The internal element structure is currently identical to the structure returned by File::ANVL::anvl_recarray. The n-th element corresponds to three Perl array elements as follows:

INDEX   CONTENT
3n + 0  input file line number
3n + 1  n-th ANVL element name
3n + 2  n-th ANVL element value

This means, for example, that the first two ANVL element names would be found at Perl array indices 4 and 7. The first triple is special; array elements 0 and 2 are undefined unless the record begins with an unlabeled value, such as (in a quasi-ANVL record),

Smith, Jo
home: 555-1234
work: 555-9876

in which case they contain the line number and value, respectively. Array element 1 always contains a string naming the format of the input, such as, "ANVL", "JSON", "XML", etc.

The remaining triples are free form except that the values will have been drawn from the original format and possibly decoded. The first item ("lineno") in each remaining triple is a number followed by a letter, such as "34:" or "6#". The number indicates the line number (or octet offset, depending on the origin format) of the start of the element. The letter is either ':' to indicate a real element or '#' to indicate a comment; if the latter, the element name has no defined meaning and the comment is contained in the value. To output an element as a comment without regard to line number, give $lineno as "#".

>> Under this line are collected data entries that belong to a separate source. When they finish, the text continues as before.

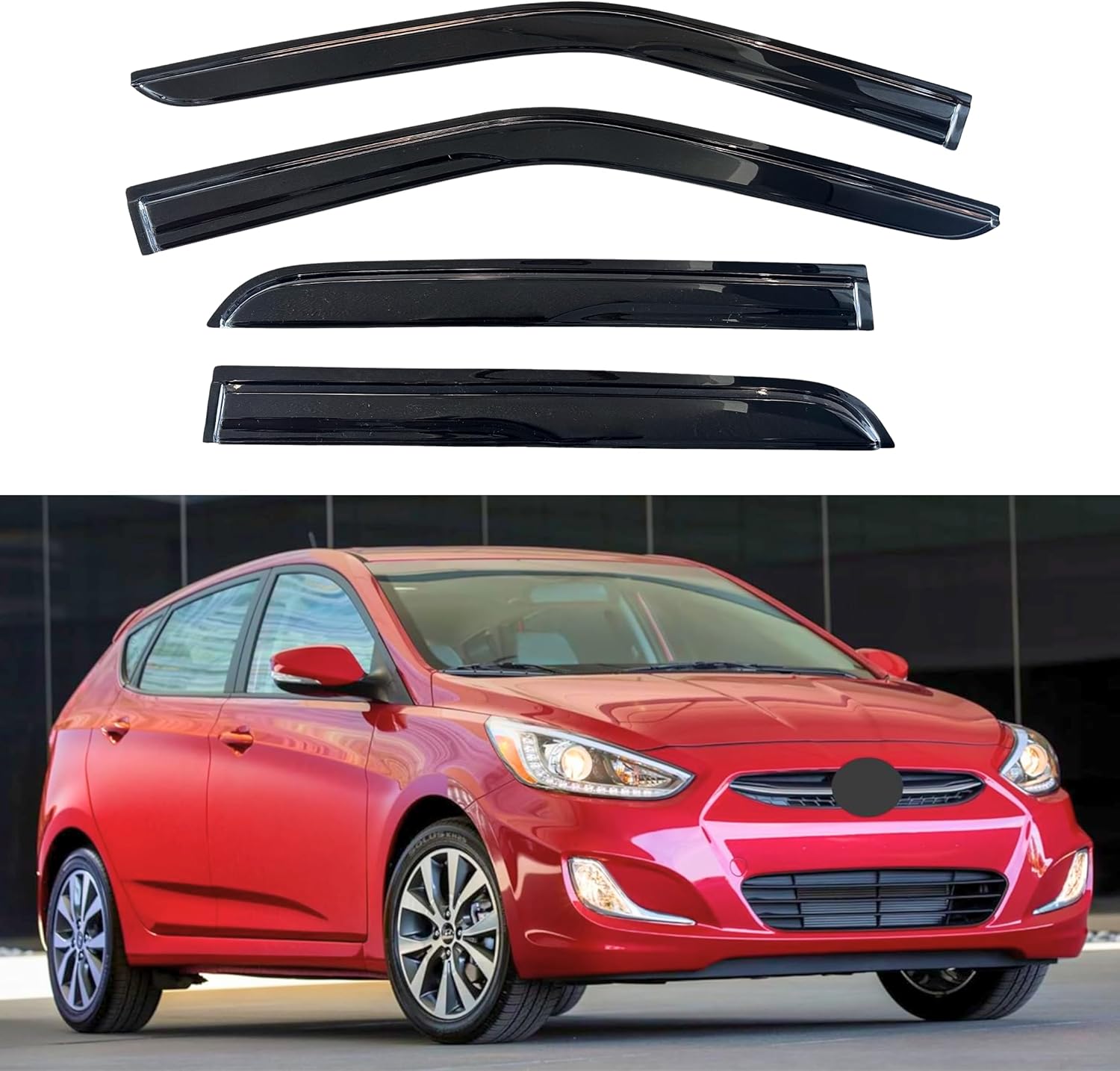 - 【Perfect Fit】KPY window visors rain guards vent deflectors compatible with Hyundai Accent Hatchback 2012 2013 2014 2015 2016 2017 (Mugen Style)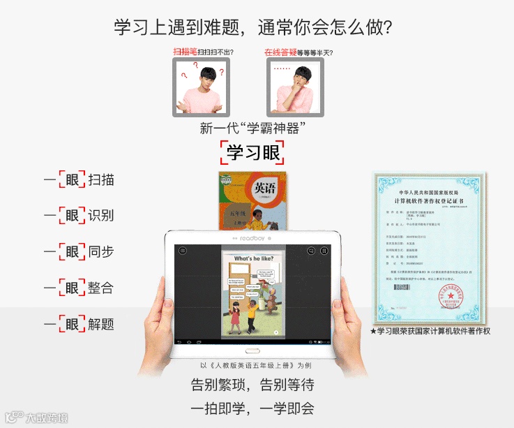 读书郎重磅推出智能学习应用—学习眼,融合场景文本识别与图像内容检索,课扫描课本任意页,最快2秒提供完善的学习方案,告别等待,畅快学习。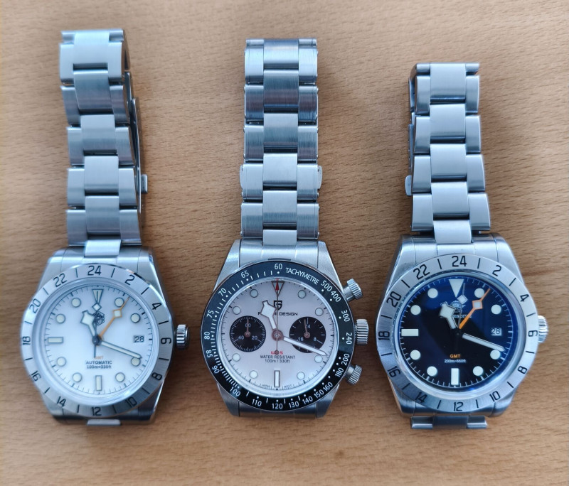 A Tandorio-ba szinte bele se tudok kötni. A Pagani-ba alig, esetleg egy picit nagyobb a kelleténél, de tetszenek a színei. Az Addiesdive-nál a márkanév és logo ami kicsit átlagon aluli, meg hogy a rehaut-ja mintha nem teljesen függőleges lenne. A Tourbillion-ba is max szubjektív szempontok alapján tudok belekötni. Mindegyik pontosan jár és nem körömletépős a csatjuk, hanem oldalról benyomósak.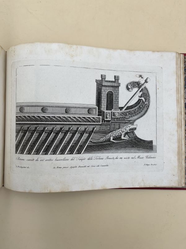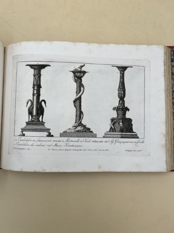 Roma, Presso Agapito Franzetti, 1805 – 1809. In-8 relié à l’Italienne (oblong) demi-basane rouge. 98 planches gravées par P. RUGA. Format hors marge : 15,5 x 22,5cm. Avec marge : 19,5 x 27cm. Page de titre dans un encadrement. Chaque planche comporte plusieurs sujets légendés en marge inférieure. Quelques rousseurs mais néanmoins bon exemplaire.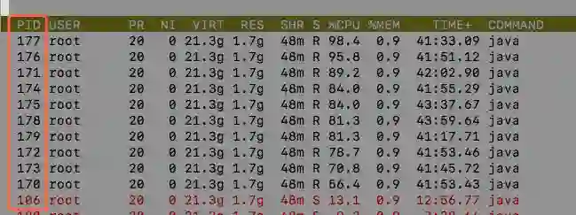 于是赶紧用 top -Hp $PID 查看下所在进程的线程情况,结果如下图: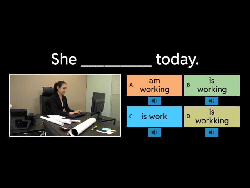 1) She _________ today. a) am working b) is working c) is work d) is workking 2) ______________ to music today. a) He's listening b) He is listen c) He listen d) He's listen 3) He __________ soccer. a) playing b) play c) is playing d) is plays 4) _________ the bed. a) She's making b) She's make c) She's doing d) She's do 5) They ________ friends right now. a) making b) are doing c) are makeing d) are making 6) He ___________ TV right now. a) is watching b) are watching c) watches d) is watch 7) _________ the dishes. a) She's doing b) She am doing c) She's making d) She make 8) I ___________ outside right now. a) am walking b) is walking c) am walk d) walking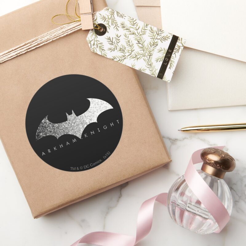 Batman Arkham Knight Pixel Logo Classic Round Sticker vinyl sticker, waterproof durable collectible sticker for laptop, phone, bottle, bike, notebook, helmet, and accessories.

OM presents an object oriented interface. The object constructor takes a format argument and returns undef if the format is unknown. The returned object has methods for creating format-appropriate output corresponding (currently) to seven output modes; for a complete application of these methods, see File::ANVL::anvl_om. Nonetheless, an application can easily call no method but elem(), as the necessary open (orec() and ostream) and close (crec() and cstream()) methods will be invoked automatically before the first element is output and before the object is destroyed, respectively. Passing an undefined first argument ($name) to elem() is useful for skipping an element in a position-based format such as CSV or PSV, which indicate a missing element by outputing a separator character; when the format is not position-based, the method usually outputs nothing.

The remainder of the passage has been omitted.